##### DATA UNDER STUDY #####

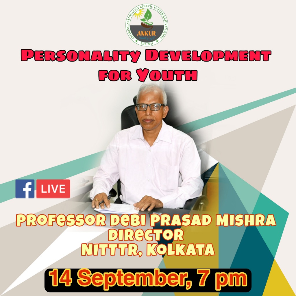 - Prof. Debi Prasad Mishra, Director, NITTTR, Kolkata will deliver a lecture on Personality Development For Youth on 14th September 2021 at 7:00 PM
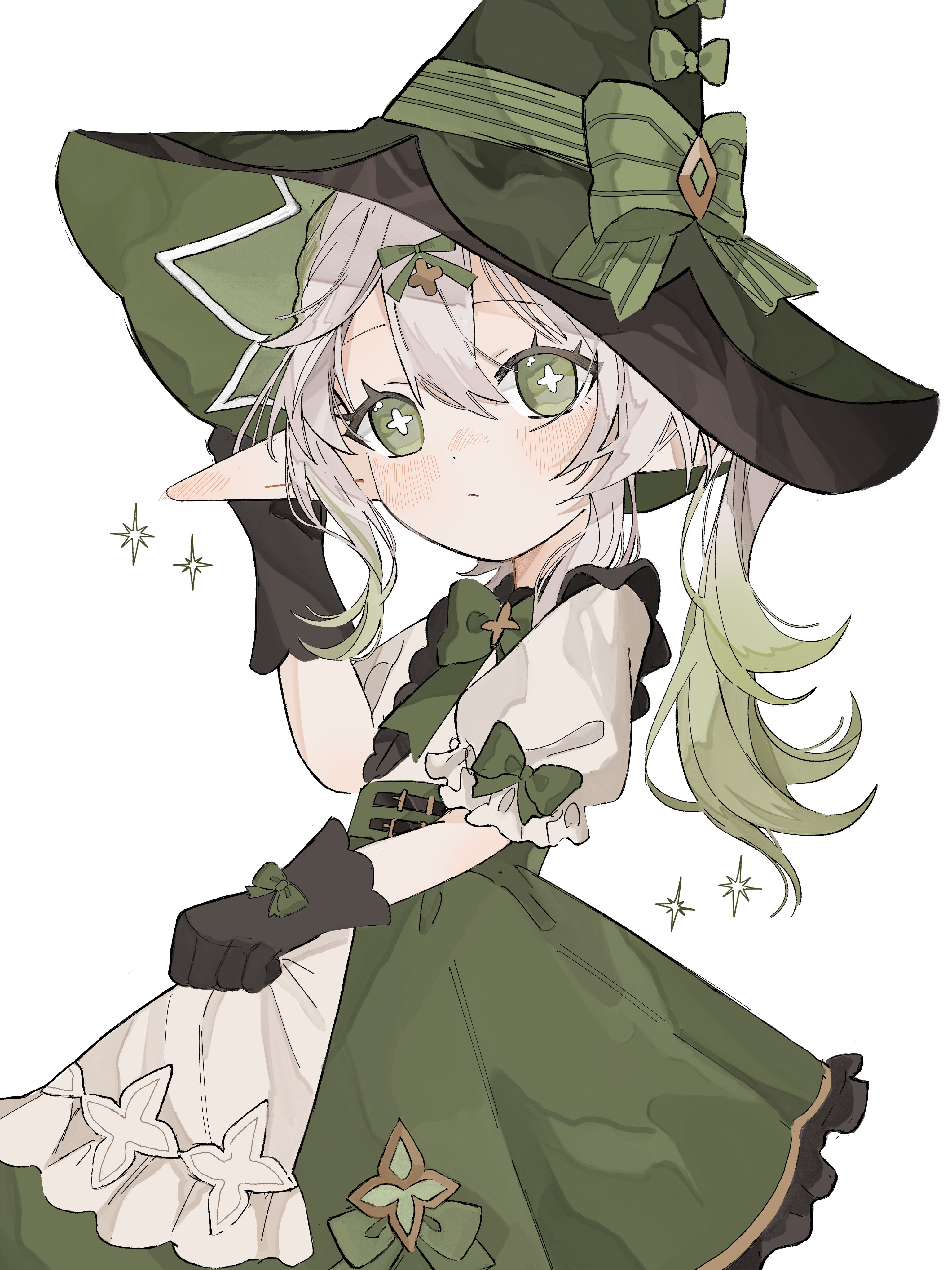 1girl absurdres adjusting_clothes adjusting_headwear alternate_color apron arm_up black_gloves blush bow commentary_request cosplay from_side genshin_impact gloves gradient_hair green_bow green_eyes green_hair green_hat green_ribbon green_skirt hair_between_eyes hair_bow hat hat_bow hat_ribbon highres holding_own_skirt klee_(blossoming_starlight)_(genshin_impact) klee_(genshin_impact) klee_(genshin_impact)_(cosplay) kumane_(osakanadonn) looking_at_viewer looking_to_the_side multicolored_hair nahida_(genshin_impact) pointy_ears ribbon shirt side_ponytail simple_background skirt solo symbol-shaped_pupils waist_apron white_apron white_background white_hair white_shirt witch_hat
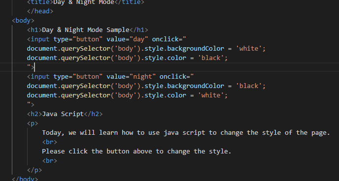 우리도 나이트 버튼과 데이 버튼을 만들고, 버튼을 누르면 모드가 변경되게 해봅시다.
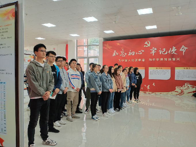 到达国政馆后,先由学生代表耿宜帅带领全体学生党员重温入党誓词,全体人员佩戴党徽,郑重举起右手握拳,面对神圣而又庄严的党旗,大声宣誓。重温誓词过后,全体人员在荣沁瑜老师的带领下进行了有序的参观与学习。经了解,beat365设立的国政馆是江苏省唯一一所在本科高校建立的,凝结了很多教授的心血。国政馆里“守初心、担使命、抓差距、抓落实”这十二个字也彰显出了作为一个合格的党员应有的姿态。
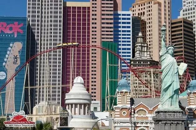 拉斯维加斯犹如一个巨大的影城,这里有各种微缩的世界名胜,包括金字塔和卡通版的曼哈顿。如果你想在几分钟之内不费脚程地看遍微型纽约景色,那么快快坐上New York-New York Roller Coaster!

#####
##### DATA UNDER STUDY #####

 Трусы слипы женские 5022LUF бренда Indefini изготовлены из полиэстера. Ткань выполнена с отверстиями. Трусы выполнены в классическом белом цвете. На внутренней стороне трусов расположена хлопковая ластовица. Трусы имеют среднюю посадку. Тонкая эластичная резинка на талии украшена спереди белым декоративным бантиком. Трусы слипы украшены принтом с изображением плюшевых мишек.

#####
##### DATA UNDER STUDY #####

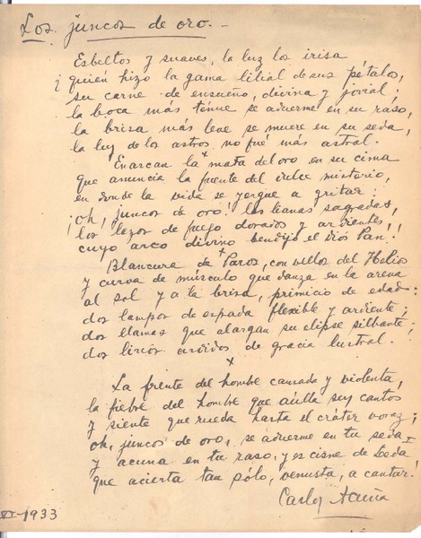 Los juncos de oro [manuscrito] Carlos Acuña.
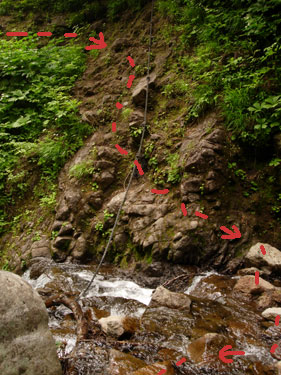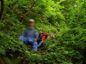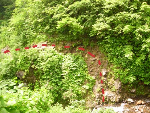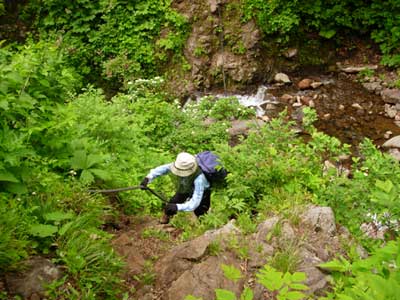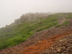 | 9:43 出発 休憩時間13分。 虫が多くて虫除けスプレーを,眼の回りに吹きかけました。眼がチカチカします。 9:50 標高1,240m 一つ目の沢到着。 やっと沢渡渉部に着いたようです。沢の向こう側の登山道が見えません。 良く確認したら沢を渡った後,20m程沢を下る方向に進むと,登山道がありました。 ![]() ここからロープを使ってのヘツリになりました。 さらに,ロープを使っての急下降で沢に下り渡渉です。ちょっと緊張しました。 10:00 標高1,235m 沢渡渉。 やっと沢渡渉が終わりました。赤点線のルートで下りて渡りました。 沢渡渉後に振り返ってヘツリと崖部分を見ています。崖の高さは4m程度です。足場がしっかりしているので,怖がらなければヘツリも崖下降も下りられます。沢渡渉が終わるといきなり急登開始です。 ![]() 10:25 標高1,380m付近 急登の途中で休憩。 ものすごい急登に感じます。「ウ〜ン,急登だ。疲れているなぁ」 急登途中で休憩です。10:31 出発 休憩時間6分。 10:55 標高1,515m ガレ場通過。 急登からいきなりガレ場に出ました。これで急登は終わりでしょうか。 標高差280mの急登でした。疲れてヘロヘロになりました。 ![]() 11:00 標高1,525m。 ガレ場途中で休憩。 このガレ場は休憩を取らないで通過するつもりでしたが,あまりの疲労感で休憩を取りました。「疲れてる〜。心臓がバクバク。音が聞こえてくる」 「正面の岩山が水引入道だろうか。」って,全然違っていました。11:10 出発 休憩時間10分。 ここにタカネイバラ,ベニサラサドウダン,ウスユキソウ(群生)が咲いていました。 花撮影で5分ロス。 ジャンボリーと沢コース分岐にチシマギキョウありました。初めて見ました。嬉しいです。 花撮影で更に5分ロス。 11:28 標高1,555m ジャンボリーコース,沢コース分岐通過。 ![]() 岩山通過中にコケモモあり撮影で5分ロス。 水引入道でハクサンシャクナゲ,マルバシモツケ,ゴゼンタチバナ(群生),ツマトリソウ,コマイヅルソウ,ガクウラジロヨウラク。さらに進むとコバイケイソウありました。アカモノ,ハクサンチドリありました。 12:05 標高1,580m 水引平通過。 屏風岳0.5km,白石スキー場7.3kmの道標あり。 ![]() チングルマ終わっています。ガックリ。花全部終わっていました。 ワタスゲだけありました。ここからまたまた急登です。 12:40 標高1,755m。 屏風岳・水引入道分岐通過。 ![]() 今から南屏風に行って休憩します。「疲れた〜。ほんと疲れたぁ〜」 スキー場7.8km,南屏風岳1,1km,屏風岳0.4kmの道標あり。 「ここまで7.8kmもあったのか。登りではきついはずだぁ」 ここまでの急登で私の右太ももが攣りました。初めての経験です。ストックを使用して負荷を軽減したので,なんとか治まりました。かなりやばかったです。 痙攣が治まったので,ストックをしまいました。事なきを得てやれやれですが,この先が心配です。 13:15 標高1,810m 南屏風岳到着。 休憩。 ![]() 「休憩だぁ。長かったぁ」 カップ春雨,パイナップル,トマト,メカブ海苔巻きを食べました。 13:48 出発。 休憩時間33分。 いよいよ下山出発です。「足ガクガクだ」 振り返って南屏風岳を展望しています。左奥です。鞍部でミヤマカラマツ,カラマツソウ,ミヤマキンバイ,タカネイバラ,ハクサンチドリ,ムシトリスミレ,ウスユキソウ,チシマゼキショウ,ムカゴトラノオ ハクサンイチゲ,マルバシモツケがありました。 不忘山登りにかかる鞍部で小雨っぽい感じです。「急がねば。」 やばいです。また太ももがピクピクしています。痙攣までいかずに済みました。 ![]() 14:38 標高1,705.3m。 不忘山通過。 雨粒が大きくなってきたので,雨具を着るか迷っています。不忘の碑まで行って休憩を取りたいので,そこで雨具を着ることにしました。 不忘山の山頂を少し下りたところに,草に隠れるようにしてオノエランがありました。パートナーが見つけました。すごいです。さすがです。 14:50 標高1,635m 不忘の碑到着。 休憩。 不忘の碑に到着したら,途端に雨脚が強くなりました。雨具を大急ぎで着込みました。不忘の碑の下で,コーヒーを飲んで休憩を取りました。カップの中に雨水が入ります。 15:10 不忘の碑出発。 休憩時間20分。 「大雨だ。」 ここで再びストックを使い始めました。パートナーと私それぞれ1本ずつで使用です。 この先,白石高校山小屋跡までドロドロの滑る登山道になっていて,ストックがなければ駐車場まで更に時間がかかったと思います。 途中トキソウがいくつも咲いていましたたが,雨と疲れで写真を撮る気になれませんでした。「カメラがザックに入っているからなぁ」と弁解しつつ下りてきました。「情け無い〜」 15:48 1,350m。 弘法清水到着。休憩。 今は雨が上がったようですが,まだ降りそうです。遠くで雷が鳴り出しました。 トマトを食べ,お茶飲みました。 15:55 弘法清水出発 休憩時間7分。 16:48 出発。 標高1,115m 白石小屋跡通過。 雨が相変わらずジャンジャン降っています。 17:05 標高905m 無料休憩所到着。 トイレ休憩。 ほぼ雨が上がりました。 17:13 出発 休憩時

#####

__TASK OBJECTIVE__:
Using the entries above, extract exactly the lines from the one that contains "- Prof. Debi" through the one that contains "York Roller Coaster!". Do not carry over any pictures.

__ANSWER TO THIS TASK__:
 - Prof. Debi Prasad Mishra, Director, NITTTR, Kolkata will deliver a lecture on Personality Development For Youth on 14th September 2021 at 7:00 PM
 1girl absurdres adjusting_clothes adjusting_headwear alternate_color apron arm_up black_gloves blush bow commentary_request cosplay from_side genshin_impact gloves gradient_hair green_bow green_eyes green_hair green_hat green_ribbon green_skirt hair_between_eyes hair_bow hat hat_bow hat_ribbon highres holding_own_skirt klee_(blossoming_starlight)_(genshin_impact) klee_(genshin_impact) klee_(genshin_impact)_(cosplay) kumane_(osakanadonn) looking_at_viewer looking_to_the_side multicolored_hair nahida_(genshin_impact) pointy_ears ribbon shirt side_ponytail simple_background skirt solo symbol-shaped_pupils waist_apron white_apron white_background white_hair white_shirt witch_hat
 우리도 나이트 버튼과 데이 버튼을 만들고, 버튼을 누르면 모드가 변경되게 해봅시다.
 到达国政馆后,先由学生代表耿宜帅带领全体学生党员重温入党誓词,全体人员佩戴党徽,郑重举起右手握拳,面对神圣而又庄严的党旗,大声宣誓。重温誓词过后,全体人员在荣沁瑜老师的带领下进行了有序的参观与学习。经了解,beat365设立的国政馆是江苏省唯一一所在本科高校建立的,凝结了很多教授的心血。国政馆里“守初心、担使命、抓差距、抓落实”这十二个字也彰显出了作为一个合格的党员应有的姿态。
 拉斯维加斯犹如一个巨大的影城,这里有各种微缩的世界名胜,包括金字塔和卡通版的曼哈顿。如果你想在几分钟之内不费脚程地看遍微型纽约景色,那么快快坐上New York-New York Roller Coaster!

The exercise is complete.